Classically, Side Channel Attack (SCA) and Fault Attack (FA) are the two passive and active forms of physical attacks geared toward secret key extraction and access control mechanisms bypass. In the past decade, side channel attacks have been more on the center of attention, due to the practicality of launching the attack. More recently, due to new forms of such attacks applicable beyond the domain of cryptography and cryptographic hardware, SCA and FA have grown to be a threat for the semiconductor industry [1,2,3,4].

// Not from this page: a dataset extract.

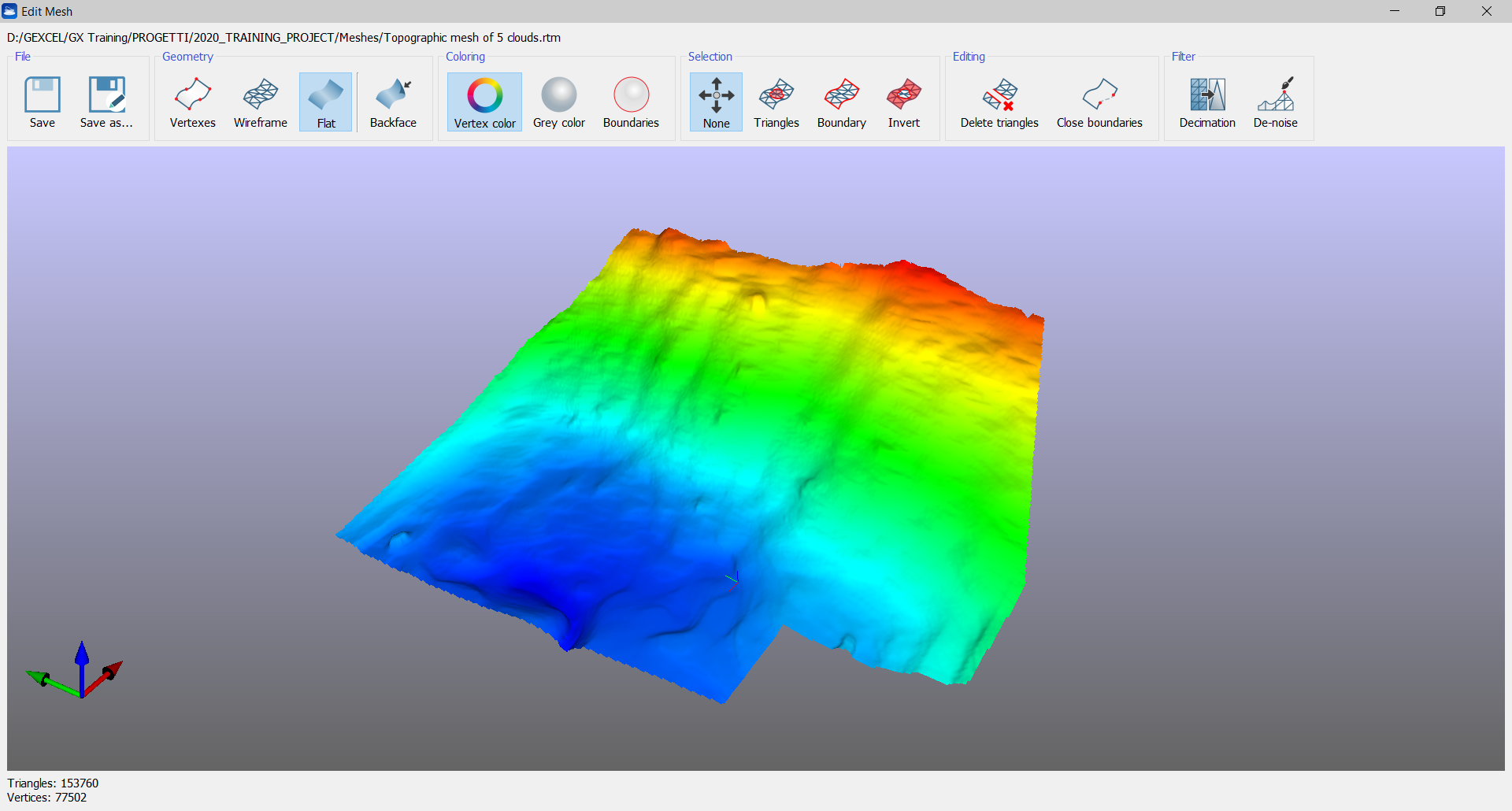 Once you have selected some triangles with the button Triangles explained in the former paragraph, you can delete the selected triangles with Delete triangles. The button Close boundaries allows you to close a mesh hole whose boundaries have been selected. This function works best with small and with close-to-planar holes.

In SCA for cryptography, the adversary is an observer of the physical information leaked during the execution of a target cryptographic software or hardware. This information could be leaked via data dependent fluctuation of power, voltage, temperature, electromagnetic radiations, execution time. The adversary correlates the observations to the operations executed in the target to reveal assets or other confidential information, e.g., secret keys. In FA for cryptography, the adversary has very accurate mathematical assumptions on the fault model. The fault model is the mathematical assumption on the effect of fault injection on the target, on which the accuracy and success of the fault attack post-processing step depends. Due to all these assumptions without considering the fault injection tool, the target device and its accuracy, fault attacks have been behind in the race of security threats. However, over the past decade, an effort began towards more practical fault attacks. Examples of these efforts are Fault Sensitivity Analysis , Differential Fault Intensity Analysis (DFIA) , and DERA . These attacks tried to gradually eliminate mathematical assumptions from the fault attack process, making it more practical. As an example, DFIA considered the natural behavior of the circuit under fault injection as expected behavior for further post-processing. These attacks rely on the concept of fault biasness. As a result of the above-mentioned efforts, FA too have become a viable threat and several research ideas towards countermeasures have been also progressed over the past years. The research community have gone through several phases for physical attacks.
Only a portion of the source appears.